ところでこの歌、ニュースでは、訳詞は中本信幸、作曲は外山雄三(編曲は坂本教授)となっている。ところが他にもこの曲名でぐぐってみると、訳詞は飯塚広、作曲木下航二、っていうバージョンもあったりする。このサイトによると、後者のバージョンは1957年発表、原水禁の集会や歌声喫茶を賑わした人気曲だったという。メロディーとかは全く別物だが、ベースとなった詩がおんなじ、といわけだ。

で、その原詩だが、ナジム(ナーズム)・ヒクメットというトルコの詩人が書いた「少女(クズ・チョジュウ)」という詩だそうだ。杉田英明先生の本で、エジプトの詩人が書いた日露戦争を祝す詩、とか、トルコの詩人が書いた関東大震災を悼む詩、とかが紹介されていたのを思い出すけど、その系列の詩なのかなとふと思った。
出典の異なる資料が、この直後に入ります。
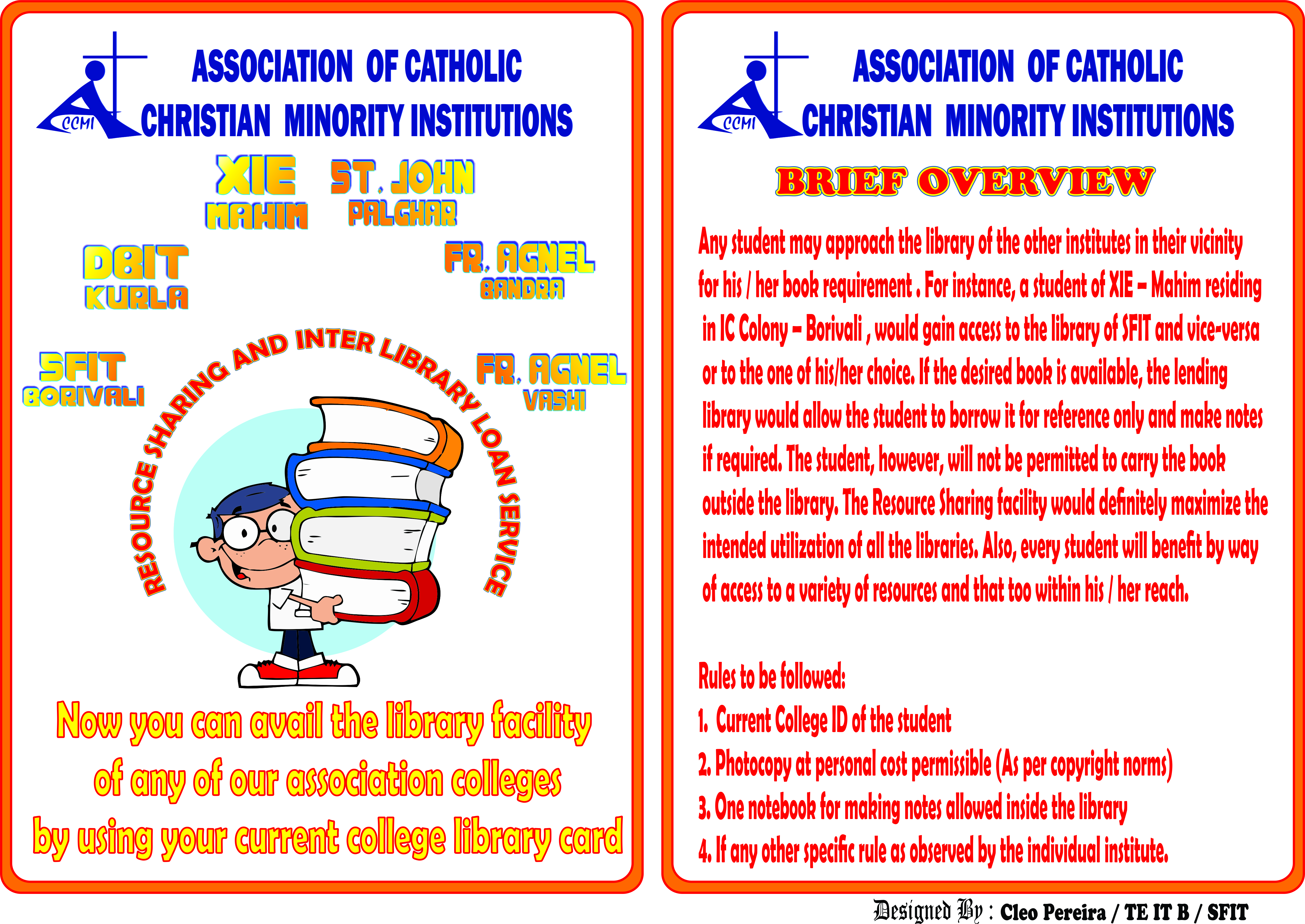 Students can avail of the Library facility of any of our Minority Institutions. Libraries such as XIE Mahim, St.John Palghar, DBIT Kurla, SFIT Borivali, Fr.Agnel Vashi by using your Identity card.

(後期の授業のつかみに使えるかな、とふと思った)

上のニュース記事で、「ロシア文学者=中本信幸氏が日本語に訳し」とあるので、「あれ、トルコ語の詩じゃないの?」と疑問に思ったのだけど、ヒクメットは社会主義的思想からトルコ本国政府に目をつけられ、ソ連に亡命して詩作を続けたと言うことらしいので、「少女」という詩自体もロシア語圏で流行していた、ということなんじゃないだろうか。まあ、日本語訳も出版されているのでちょっと調べてみましょう。

ちなみに、英語版wikipediaナーズムの項目はこれ。この曲英語圏でもずいぶん歌われているようだ。日本語版についても書いてあるけど、元の肩書きが「famed Shima-Uta singer」となっている。見たところ英語版では57年版の話は書いてないようだけど、トルコ語版を調べてみれば詳しく分かるかな。